# Ganache doesn't stick to cake



## mbobden (Dec 30, 2009)

My ganache frosting and filling separate from cake when I slice it. Does anyone have a remedy for this?


----------



## dillonsmimi (Dec 2, 2009)

I work with ganache quite a bit. Can you post your recipe? You may have a "candy" instead of an "icing" recipe.


----------



## mbobden (Dec 30, 2009)

It is a rolled cake. Outside frosting is 6 oz callenbaut semi sweet with 2/3 cup cream, 1T Grand Marnier. Boiled the cream, poured on chopped choc, let sit a couple of min. stirred and set out until able to frost. Inside is whipped ganache which was 1 1/2 c cream 6 oz semi sweet chocolate chip morsels. Same process except I whipped it after it was cold. Thank you for your input.


----------



## dillonsmimi (Dec 2, 2009)

You are using a one to one ratio, (oz to oz) right? That is what I use under my rolled fondant cakes.
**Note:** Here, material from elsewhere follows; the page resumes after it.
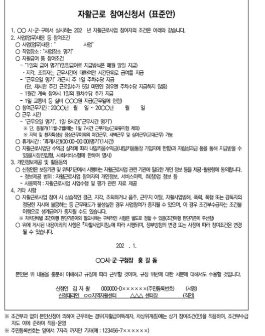 신청한후 지자체에서 재산과 소득을 조사한후 자격요건에 해당이 되면 참가하여 근무가 가능해집니다.

It sets up pretty firm and if applied in a thick layer (like a frosting) it will pull away from the cake. So either use your mixture as a glaze or try adding a bit of butter and some 10x and go for a ganache 'buttercream'. Just be carefull to not reheat and stir more than once...gets really grainy. Kinda like my MIL's fudge.


----------